Directions for this task: With the exception of the pictures, transcribe the entire listing exactly.

Data provided:
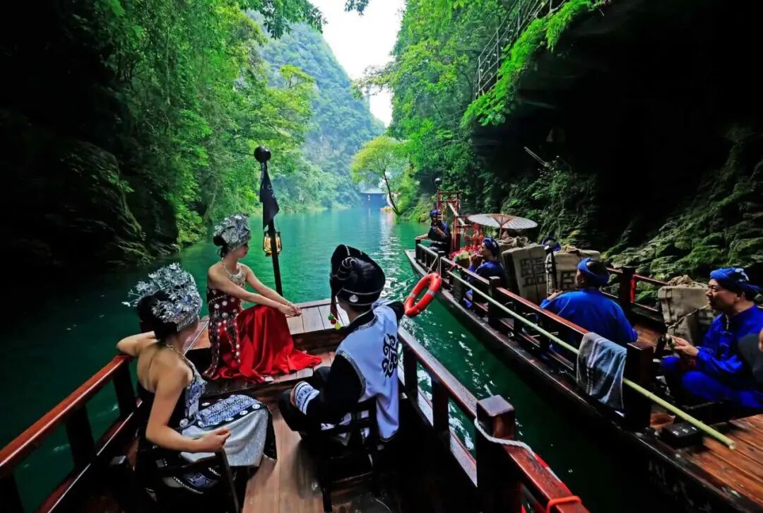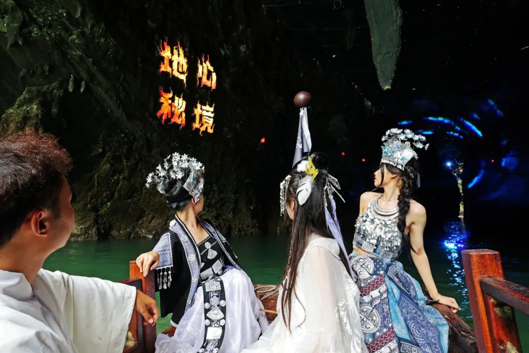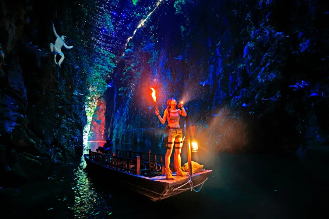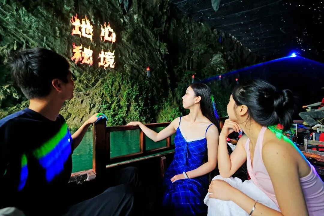 船只駛入幽深的地下河道,涼爽氣息撲面而來。七彩燈光投射在千年崖壁上,打造出如夢似幻的氛圍。在蜿蜒曲折的地下迷宮中穿行,每一次轉彎都可能遇見震撼的地質奇觀。
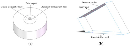The 3D model of air cap of spray gun was established in SolidWorks software (2014). In this simulation experiment, the spray flow field is conical, so the fan control hole in the original actual model is omitted [24]. A 3D model is shown in Figure 1a. The central hole of the air cap is the spray pinhole and the coating inlet, and the aperture is 0.8 mm. The annular central atomizing hole is outside the central hole of the air cap, with an outer diameter of 2 mm and an inner diameter of 1.6 mm. There are two auxiliary atomizing holes on both sides of the central atomizing hole, and the aperture is 0.5 mm.
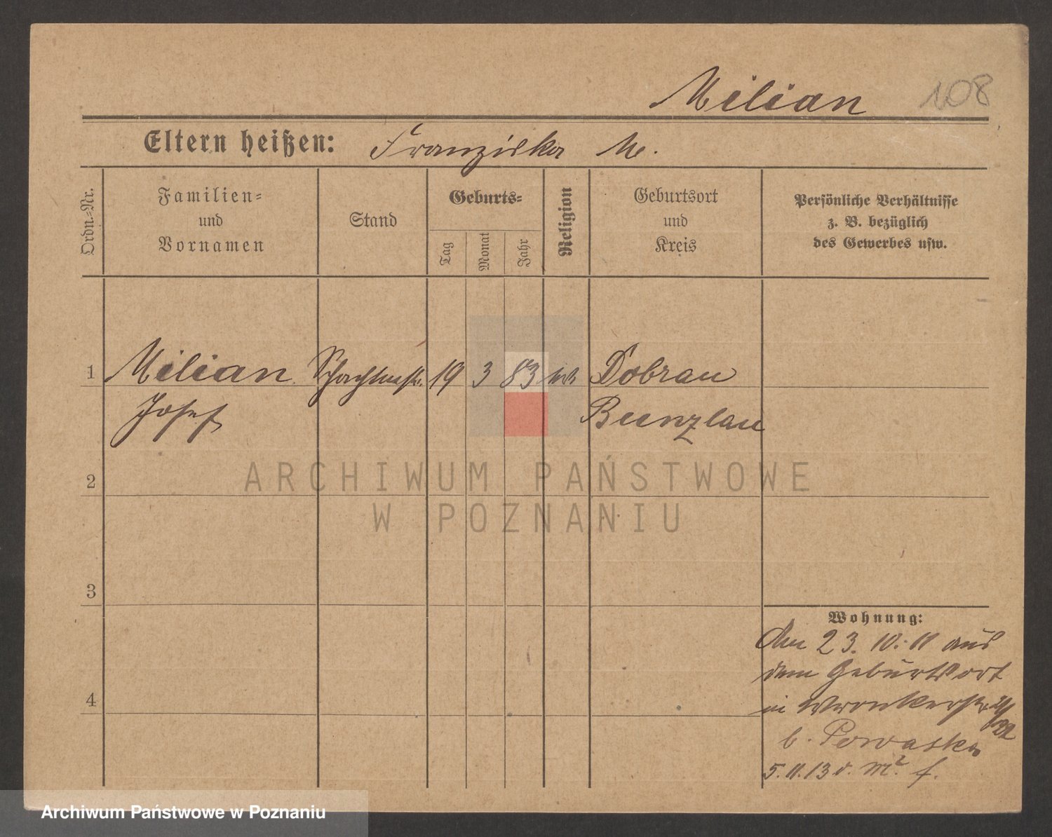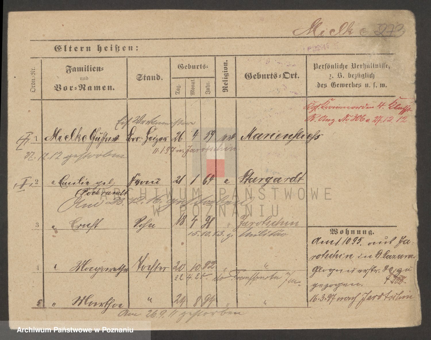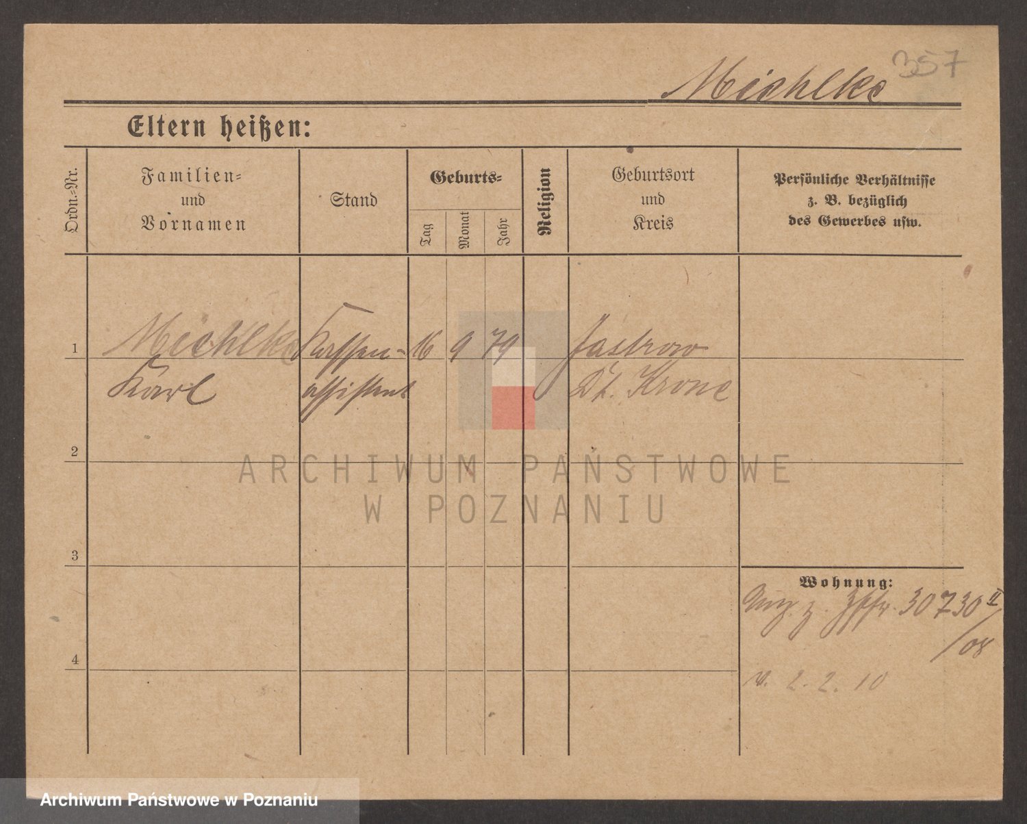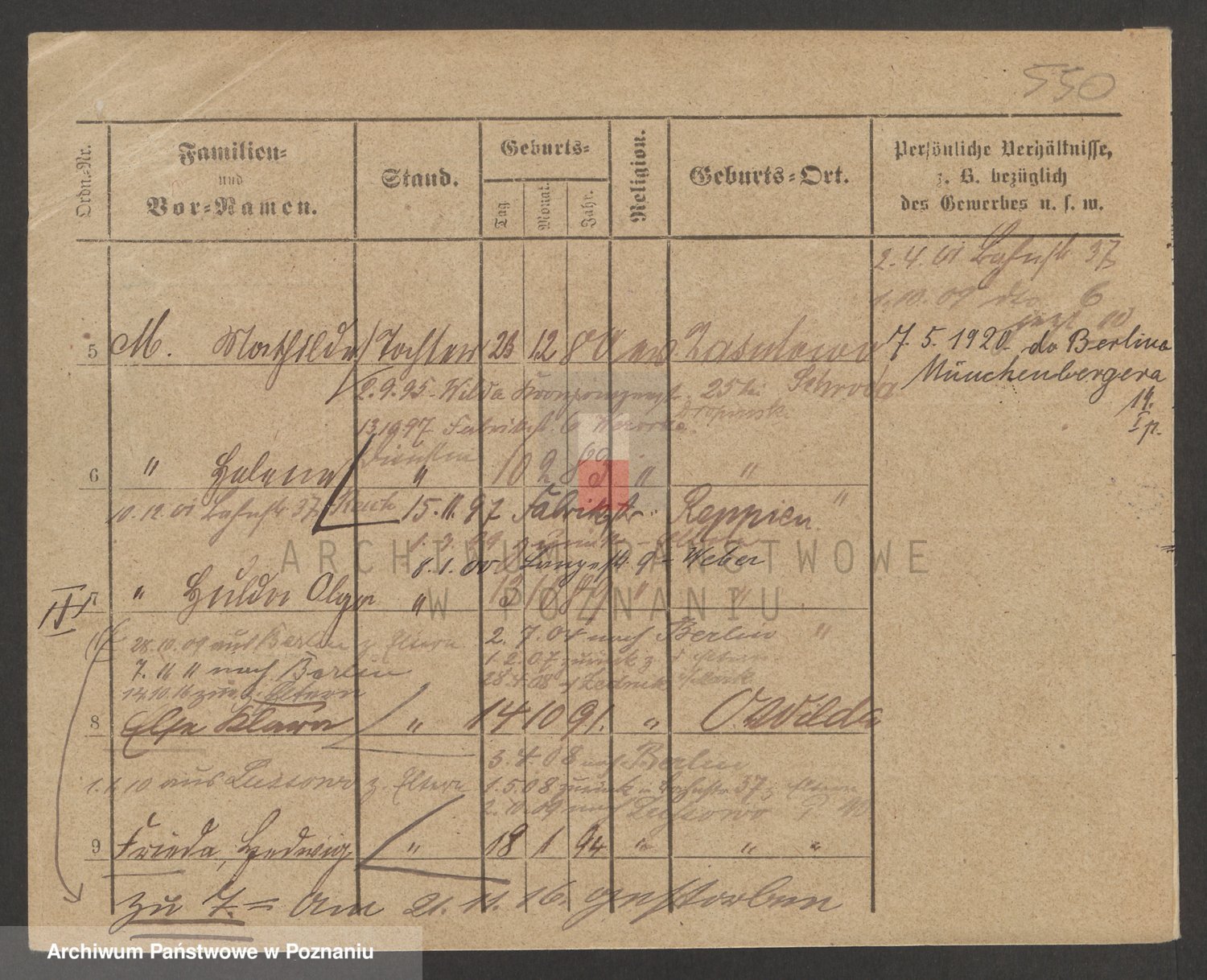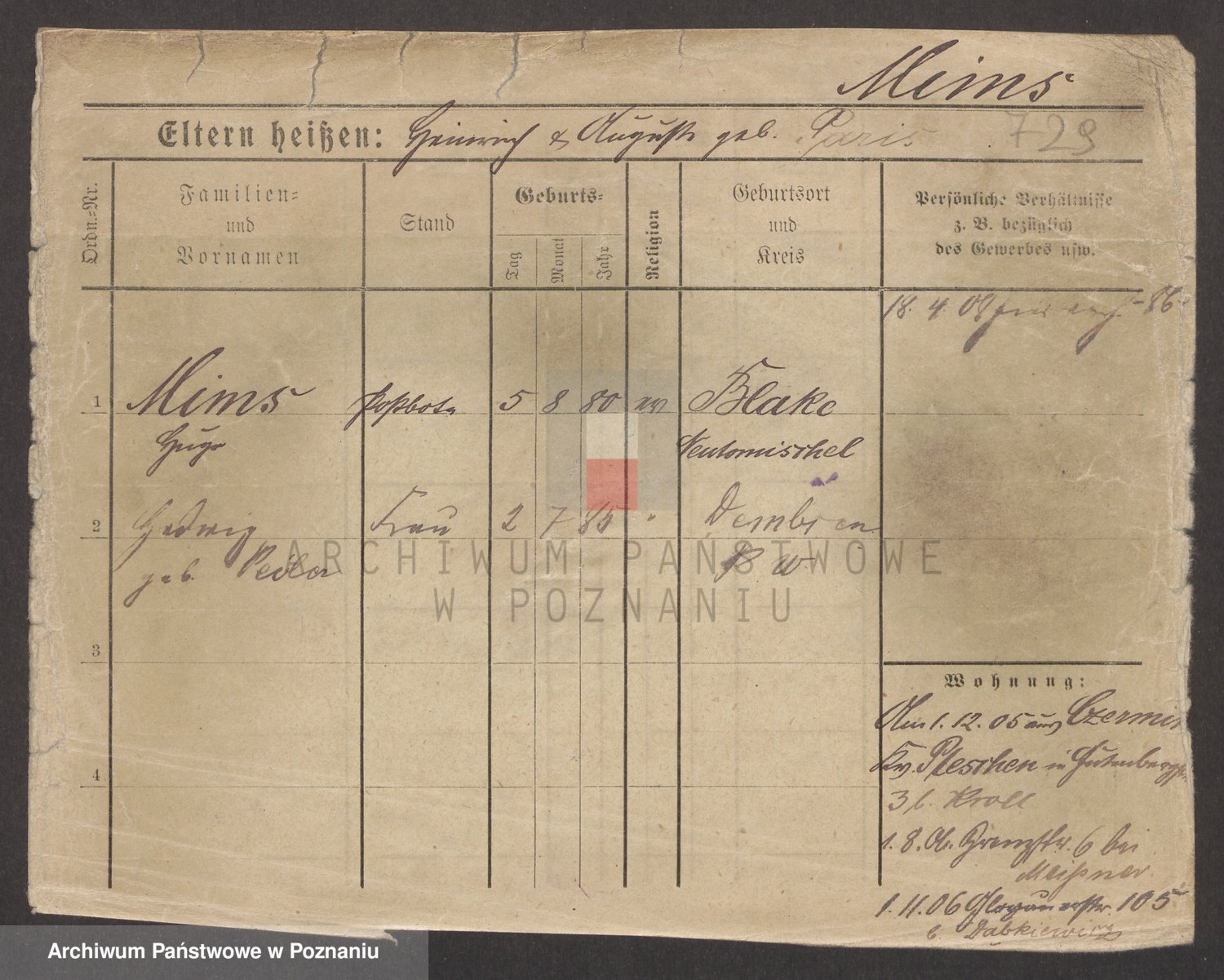 Podgląd karty osobowej dostępny jest po kliknięciu na nazwisko lub ikonkę karty. Można dokonywać powiększenia (ikony na górze) lub przechodzić między kolejnymi skanami (strzałki po bokach).

Task response:
 船只駛入幽深的地下河道,涼爽氣息撲面而來。七彩燈光投射在千年崖壁上,打造出如夢似幻的氛圍。在蜿蜒曲折的地下迷宮中穿行,每一次轉彎都可能遇見震撼的地質奇觀。
The 3D model of air cap of spray gun was established in SolidWorks software (2014). In this simulation experiment, the spray flow field is conical, so the fan control hole in the original actual model is omitted [24]. A 3D model is shown in Figure 1a. The central hole of the air cap is the spray pinhole and the coating inlet, and the aperture is 0.8 mm. The annular central atomizing hole is outside the central hole of the air cap, with an outer diameter of 2 mm and an inner diameter of 1.6 mm. There are two auxiliary atomizing holes on both sides of the central atomizing hole, and the aperture is 0.5 mm.
 Podgląd karty osobowej dostępny jest po kliknięciu na nazwisko lub ikonkę karty. Można dokonywać powiększenia (ikony na górze) lub przechodzić między kolejnymi skanami (strzałki po bokach).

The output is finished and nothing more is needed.